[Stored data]
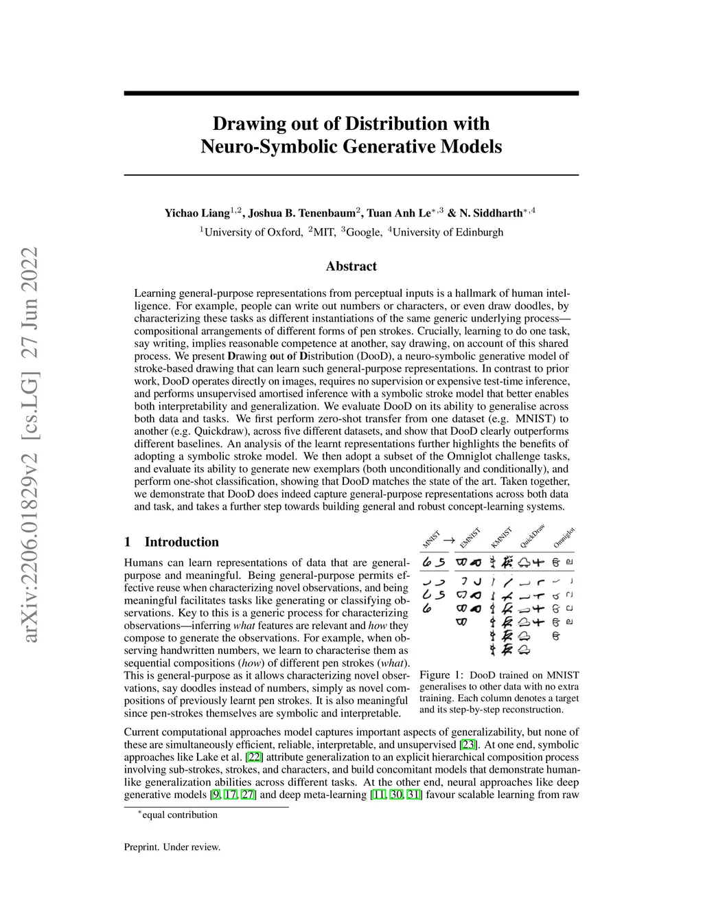 Learning general-purpose representations from perceptual inputs is a hallmark of human intelligence. For example, people can write out numbers or characters, or even draw doodles, by characterizing these tasks as different instantiations of the same generic underlying process -- compositional arrangements of different forms of pen strokes. Crucially, learning to do one task, say writing, implies reasonable competence at another, say drawing, on account of this shared process. We present Drawing out of Distribution (DooD), a neuro-symbolic generative model of stroke-based drawing that can learn such general-purpose representations. In contrast to prior work, DooD operates directly on images, requires no supervision or expensive test-time inference, and performs unsupervised amortised inference with a symbolic stroke model that better enables both interpretability and generalization. We evaluate DooD on its ability to generalise across both data and tasks. We first perform zero-shot transfer from one dataset (e.g. MNIST) to another (e.g. Quickdraw), across five different datasets, and show that DooD clearly outperforms different baselines. An analysis of the learnt representations further highlights the benefits of adopting a symbolic stroke model. We then adopt a subset of the Omniglot challenge tasks, and evaluate its ability to generate new exemplars (both unconditionally and conditionally), and perform one-shot classification, showing that DooD matches the state of the art. Taken together, we demonstrate that DooD does indeed capture general-purpose representations across both data and task, and takes a further step towards building general and robust concept-learning systems.
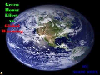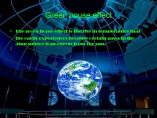The document discusses the greenhouse effect and global warming. The greenhouse effect refers to gases in the atmosphere that trap heat from the sun, causing the Earth's temperature to rise. Global warming is an increase in the Earth's average temperature that results from the greenhouse effect. Some causes of the greenhouse effect and global warming are deforestation, emissions of gases like carbon dioxide and methane, and releases of carbon dioxide from human activities like burning fossil fuels. Consequences of the greenhouse effect and global warming include extreme weather, sea level rise, and impacts on ecosystems and human health and economies. The document provides suggestions for preventing global warming such as reducing energy use and choosing renewable energy sources.
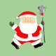 Embalagem legal para presentes de Natal de lacrosse com Papais noeis de desenho animado com um bastão de lax cercado por doces de Natal.
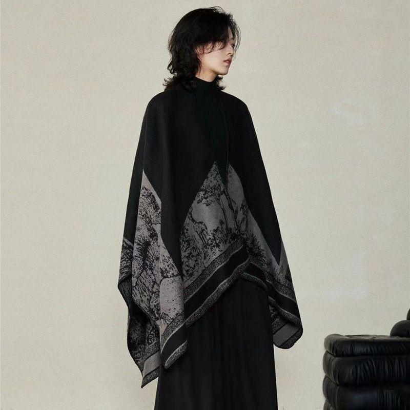 Minimalist 2025 Niche Cashmere Dark Slit Cloak Fall And Winter Warm, Men And Women Double-sided Ethnic Style Shawl
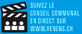 Retransmission du Conseil communal Les débats du Conseil communal de Renens sont retransmis sur internet en direct, avec une fonction "replay" possible de 2 heures en arrière et en vidéo dès le lendemain matin de la séance.Conseil : les spectateurs peuvent consulter l'ordre du jour de la séance ici Ils sont également visibles à la TV en différé sur le canal info des téléréseaux de l’agglomération lausannoise en règle générale les vendredi à 20h, samedi à 14h et dimanche 18h qui suivent la séance. Si les séances du Conseil de Prilly ont lieu la même semaine, la retransmission des séances de Renens est déplacée au samedi à 18h, dimanche à 14h, et la semaine suivante le vendredi à 20h, samedi 14h et dimanche à 20h. |
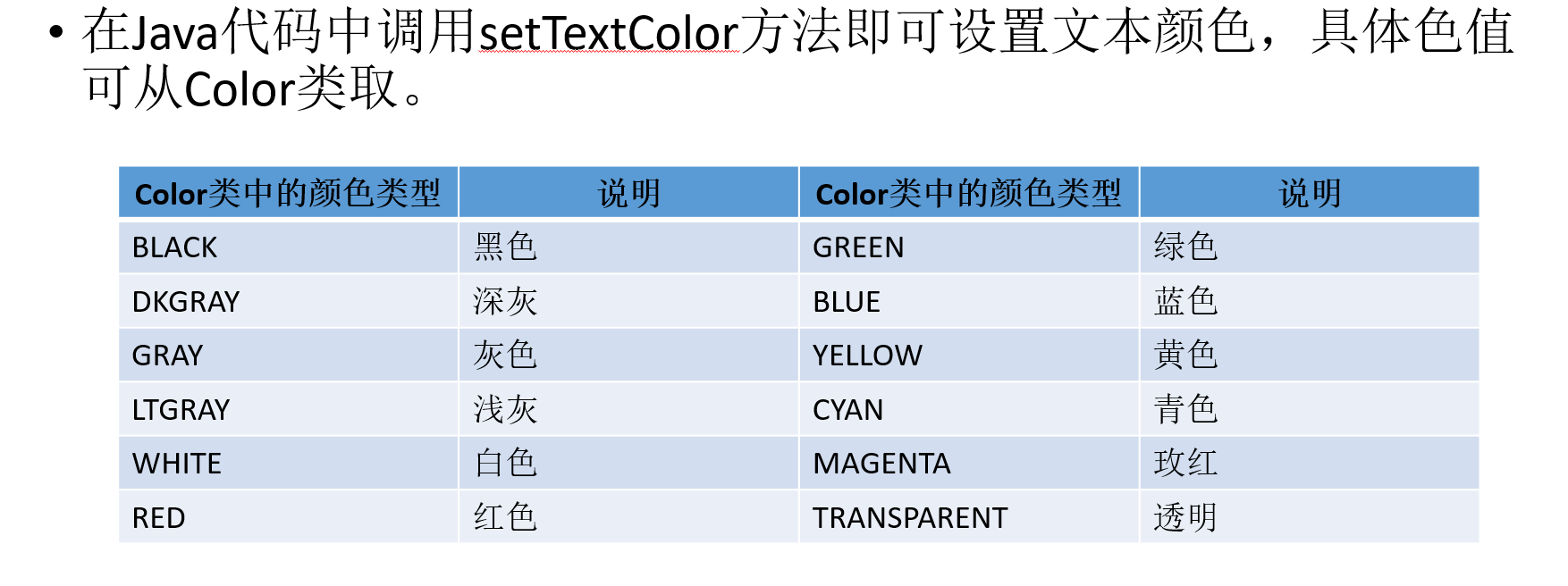 tv_hello.setTextColor(Color.LTGRAY); //设置字体颜色

[BRIEF]
Begin at the line containing "Retransmission du Conseil" and stop at the final line of the data. Retype those lines exactly, without the pictures.

[ANSWER SECTION]
 Retransmission du Conseil communal Les débats du Conseil communal de Renens sont retransmis sur internet en direct, avec une fonction "replay" possible de 2 heures en arrière et en vidéo dès le lendemain matin de la séance.Conseil : les spectateurs peuvent consulter l'ordre du jour de la séance ici Ils sont également visibles à la TV en différé sur le canal info des téléréseaux de l’agglomération lausannoise en règle générale les vendredi à 20h, samedi à 14h et dimanche 18h qui suivent la séance. Si les séances du Conseil de Prilly ont lieu la même semaine, la retransmission des séances de Renens est déplacée au samedi à 18h, dimanche à 14h, et la semaine suivante le vendredi à 20h, samedi 14h et dimanche à 20h. |
 tv_hello.setTextColor(Color.LTGRAY); //设置字体颜色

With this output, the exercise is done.